To fill the prefix sum array, we start with index L to index R and add the present value with the last element in the given array. So here is the Example for the problem −

Input : arr[ ] = { 3, 5, 6, 2, 4 }
L = 1, R = 3
Output : 3
Explanation : prefixsum[ 0 ] = arr[ L ] = 5
prefixsum[ 1 ] = prefixsum[ 0 ] + arr[ 2 ] = 11
prefixsum[ 2 ] = prefixsum[ 1 ] + arr[ 3 ] = 13
In prefixsum[ ] array all three 5, 11 and 13 are prime numbers in prefix sum array in given range.

Input : arr[ ] = { 6, 10, 5, 8, 11 }
L = 0, R = 3
Output : 1
Explanation : prefixsum[ 0 ] = arr[ L ] = 6
prefixsum[ 1 ] = prefixsum[ 0 ] + arr[ 1 ] = 16
prefixsum[ 2 ] = prefixsum[ 1 ] + arr[ 2 ] = 21
prefixsum[ 3 ] = prefixsum[ 2 ] + arr[ 3 ] = 29
In prefixsum[ ] array only 29 is the prime number in prefix sum array given range.

Approach to Find the Solution

Looking at the problem, we can say that we need to create one new array prefixsum[ ] and fill that array by adding the previous element of the prefix sum array and the current element of the given array. The first element of the prefix sum array will be the value at index L in the given array.

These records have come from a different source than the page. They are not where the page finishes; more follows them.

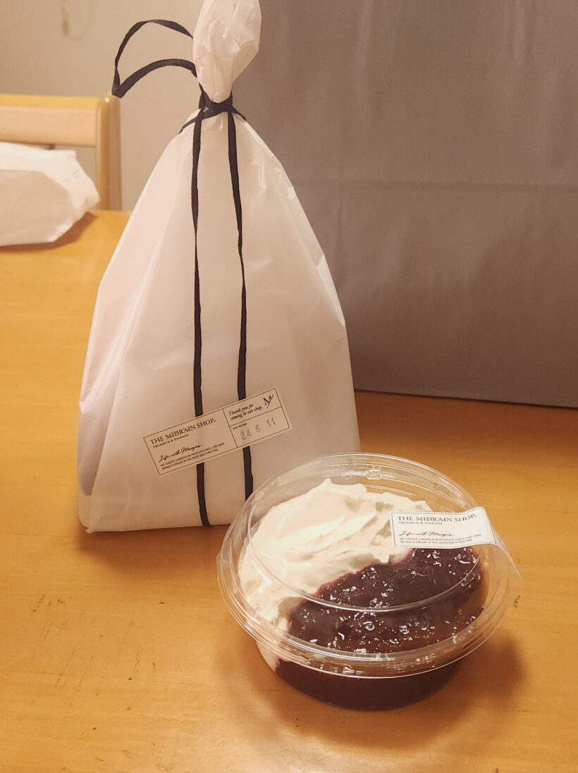 単体だとちょっと喉につまるところもありますが、500円で買える生クリームとイチゴのコンフィのセットをたっぷりのせたらさらに別の美味しさも楽しめます。
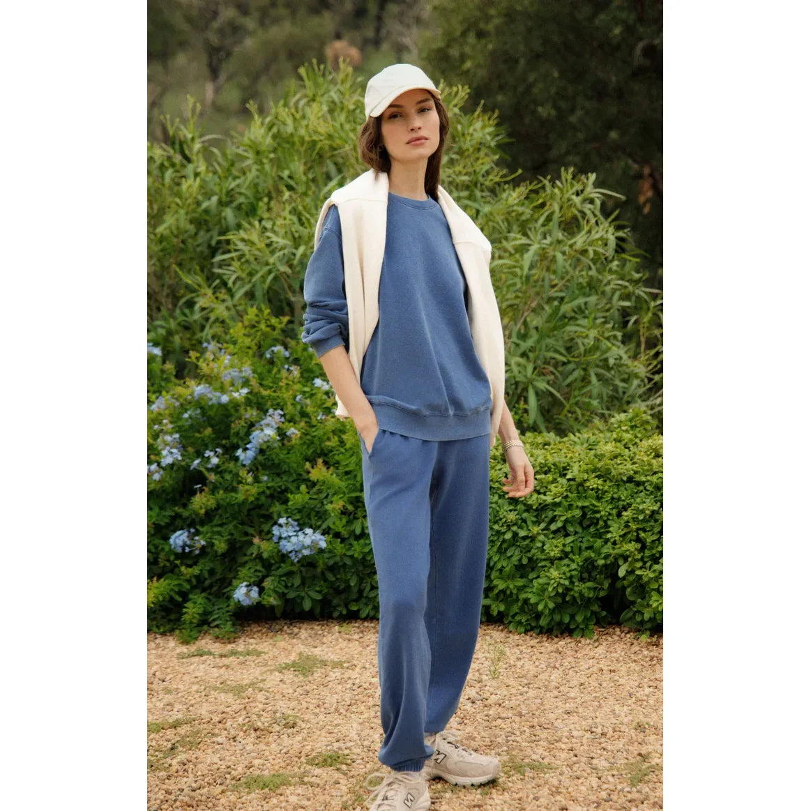 This jogger blends the look of denim with the softness of French terry for all-day wearability. The drawstring waist, side pockets, and tapered leg create a flattering, easygoing silhouette that goes wherever you do.
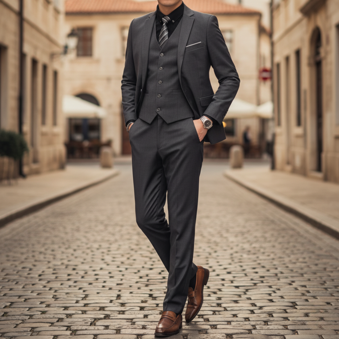 Il completo Altivaro è un'aggiunta elegante al guardaroba maschile, combinando stile e praticità in un design semplice e raffinato.
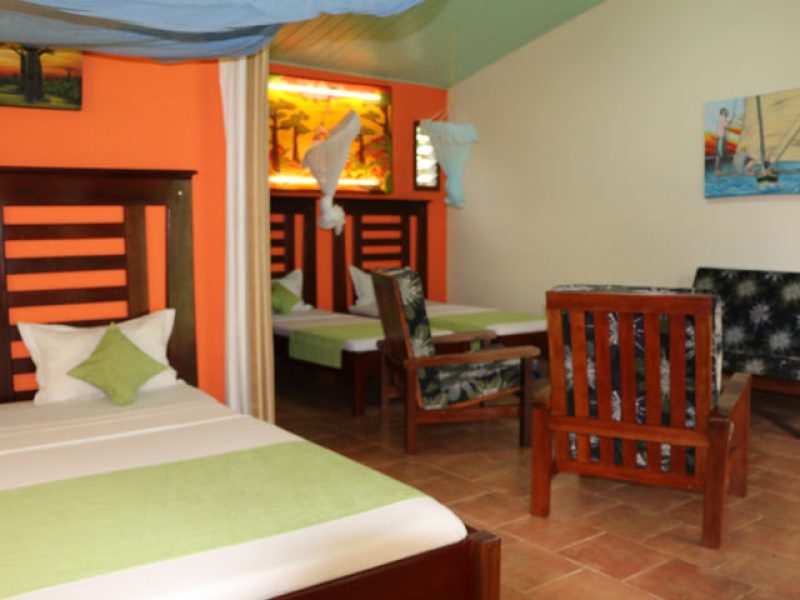 L’hôtel propose des bungalows standards et familiaux, certains climatisés, conçus pour offrir confort et sérénité. Chaque bungalow est équipé de lits confortables, d’une salle de bain privative et d’une terrasse, permettant de profiter d’une vue agréable sur le jardin ou la piscine.
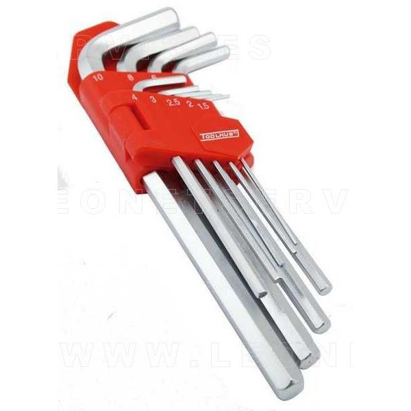 Juego de herramientas compuesto por 9 llaves ALLEN acodadas . Las llaves están fabricadas en Acero CR-Va . Medidas: 1.5, 2.0, 2.5, 3.0, 4.0, 5.0, 6.0, 8.0, 10mm. El conjunto se entrega en una regleta plegable para facilitar el almacenamiento.
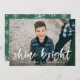 Modern Shine Bright Script Green Photo Holiday Card
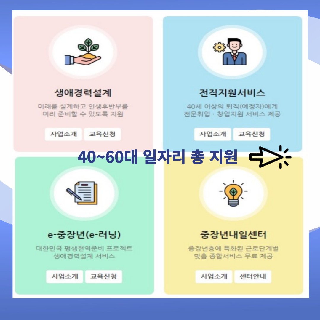 중장년 일자리지원센터는 40~60대의 중장년층을 위한 서비스를 제공하기 위하여 중장년 내일센터에서 퇴직 이전부터 퇴직 후 구직 활동까지 중장년층의 취업을 포함한 다양한 고용 지원 서비스를 제공하고 있습니다.
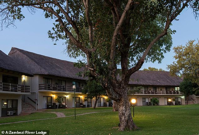 The animal is believed to have crept in last week from the banks of the Zambezi River, which is mere metres away from the four-star hotel (pictured)
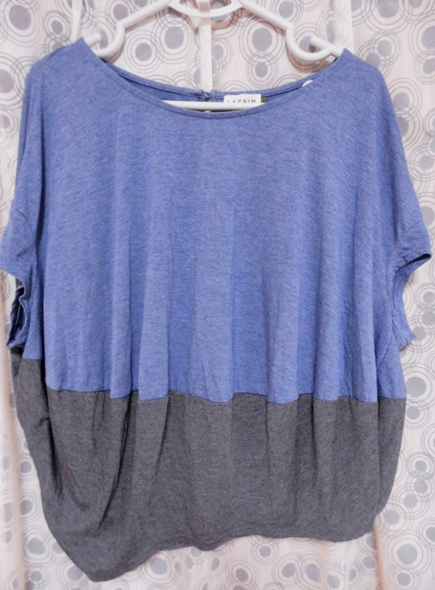 ブルー×グレーのゆったりシルエットのトップスです♪
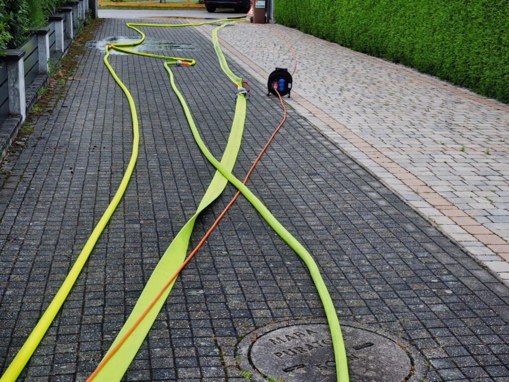 Ein massiver Wassereintritt im Kellerbereich eines Einfamilienhauses alarmierte die Einsatzkräfte, welche rund zweieinhalb Stunden das Wasser mittels Unterwasserpumpen und Wassersaugern aus dem Gebäude pumpte.
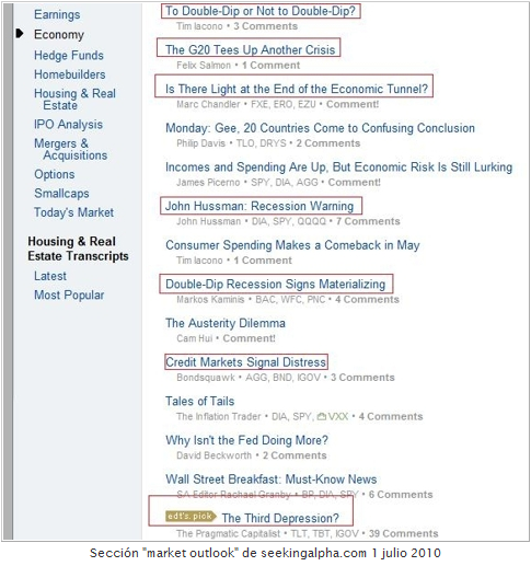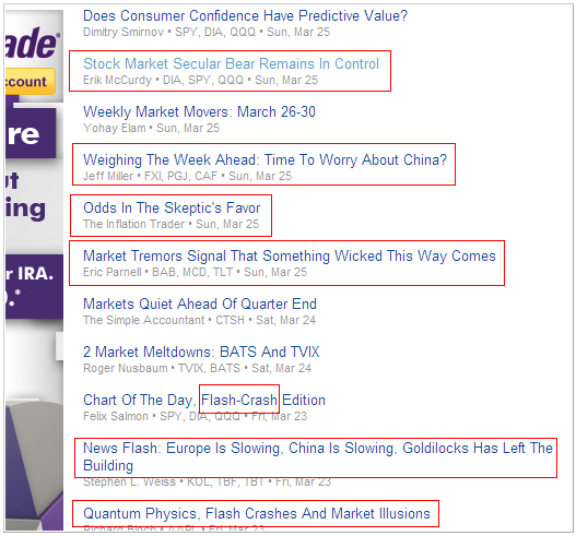Una de mis formas favoritas de entender cuál es la percepción de los observadores del mercado es analizar el tono general de las opiniones bursátiles. En el portal Seeking Alpha, el tono era bastante negro el domingo. La gente habla de "mercados seculares bajistas", la preocupación por la economía de China, "señales de peligro", los problemas de Europa o, curiosamente, siguen hablando del "flash crash" que fue algo que ocurrió hace dos años y cuyo impacto fue limitado. El tono a todas luces es evidentemente pesimista:

We need to run a loop from L to R where L and R are a range of indices to process in the given array, then check the element of prefixsum[ ] array and increment the count for every prime number found.

Example

#include<bits/stdc++.h>
using namespace std;
vector < bool > checkprime (int *arr, int n, int MAX){
vector < bool > p (n);
bool Prime_val[MAX + 1];
for (int i = 2; i < MAX; i++)
Prime_val[i] = true;
Prime_val[1] = false;
for (int p = 2; p * p <= MAX; p++){
// If prime[p] is not changed, then
// it is a prime
if (Prime_val[p] == true){
// Update all multiples of p
for (int i = p * 2; i <= MAX; i += p)
Prime_val[i] = false;
}
}
for (int i = 0; i < n; i++){
if (Prime_val[arr[i]])
p[i] = true;
else
p[i] = false;
}
return p;
}
int main (){
int arr[] = { 2, 3, 4, 7, 9, 10 };
int s1 = sizeof (arr) / sizeof (arr[0]);//size of given array
int L = 1, R = 3, s2 = R - L + 1;
int prefixsum[s2];
int count = 0;
prefixsum[0] = arr[L];
for (int i = L + 1, j = 1; i <= R && j < s1; i++, j++){
prefixsum[j] = prefixsum[j - 1] + arr[i];

}
vector < bool > isprime = checkprime (prefixsum, s2, prefixsum[s2 - 1]);
for (int i = 0; i < s2; i++) {
if (isprime[i] == 1)
count++;
}
cout <<"Number of prefix sum prime in given range query: " << count;
return 0;
}

Output

Number of prefix sum prime in given range query: 2

Explanation of the Above Code

In this code, we are making an array prefixsum[ ] and filling it with the sum of the previous element of prefixsum[ ] array and the current element of the given array. After that, we are checking all the numbers of prefix arrays for prime numbers, and here we are using the Sieve of Eratosthenes algorithm to check for prime numbers. Finally, incrementing the count for each prime number and showing the result.

Conclusion

In this article, we solved finding a number of prefix sum prime in a given range query by applying a naive approach and using Sieve of Eratosthenes to find prime numbers in the prefix sum array. We can write the same program in other languages such as C, java, python, and other languages. Hope you find this article helpful.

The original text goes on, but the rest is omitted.